Presented By O'Reilly and Cloudera
Make Data Work
Dec 4–5, 2017: Training
Dec 5–7, 2017: Tutorials & Conference

Real-world patterns for continuously deployed advanced analytics

Graham Gear (Cloudera)
12:05pm12:45pm Thursday, December 7, 2017
Average rating: *****
(5.00, 3 ratings)

Who is this presentation for?

  • Data engineers and scientists, developers, those in operations, analysts, and IT managers

Prerequisite knowledge

  • A basic understanding of the Hadoop ecosystem (MR, Spark, Impala, notebooks, etc.)

What you'll learn

  • Explore successful deployment patterns for Agile advanced analytics


The core drivers of a Hadoop deployment have traditionally been scale, flexibility and economics. Flexibility is often touted as the ability to add a new dimension, dataset, or complex line of questioning without investing in a expensive, difficult multimonth project. It is true that Hadoop’s flexibility gives us the ability to collapse these projects into tasks and shorten the window by which they can be deliverer, but how far can we push this?
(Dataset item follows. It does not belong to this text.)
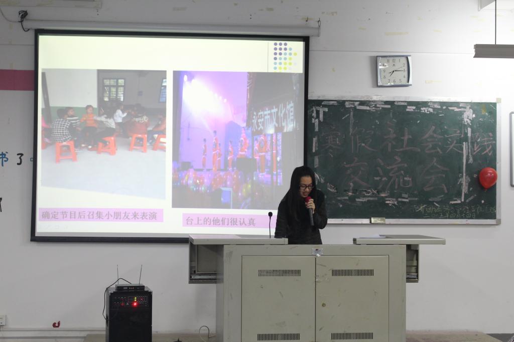 我院八名社会实践先进者们依次用PPT展示了自己的寒假社会实践活动,讲述了自己在社会实践中的经历以及自身的感受。同学们参加社会实践的方式各有不同,一号选手所讲的是返校宣讲,宣传我们学院的校园风光;二号选手向我们展示他们古风淳朴的春节民俗;三号选手将知识运用与实践,向我们展示了一位返校大学生在农村举办春晚的不凡之举;四号选手利用假期作为国际志愿者到尼泊尔进行英语支教,在旅游中感受自然风光,利用假期做一些有意义的事;五号选手向我们展示的是她在饭店当点餐员的生活,体会服务人员工作中的酸甜苦辣;六号选手和八号选手将我们带进了农村建设的蓝图,七号选手应聘一家刚起步公司的电务助理,感受创业的不易。

Graham Gear draws on real-world processes and systems to explain how it’s possible to apply continuous delivery techniques to advanced analytics, realizing business value earlier and more safely. Along the way Graham shows just how far we can push the flexibility of a modern advanced analytics platform.

Topics include:

  • Can anyone deploy a Hadoop platform and the advanced analytics applications running on top of it in the same way the likes of Google, Facebook and Netflix deploy theirs?
  • How do we ensure the workloads that aren’t one-offs can be operationalized and brought within the scope of a supporting IT organization and not left to languish as a science experiment?
  • Can we deploy continuously, treating each commit as a release candidate destined for production?
  • Can we safely take the lead time from idea to realized business value from years to months, weeks, days, or even hours, getting more insights and models into production faster?
  • Where is the industry today: what is the state of the art and what should your organization be aiming for?
Photo of Graham Gear

Graham Gear


Graham Gear is director of system engineering at Cloudera and an Apache Hadoop committer. Having thirstily read the Google papers that inspired Hadoop and watched as the community coalesced, Graham could clearly see the huge potential of the Hadoop ecosystem and has been contributing to the Hadoop ecosystem and helping organizations take advantage of it for many years. Previously, Graham delivered large-scale distributed systems with a keen analytical focus; he began his career implementing sonar algorithms leveraging MPI on large Beowulf clusters at a defense research institution.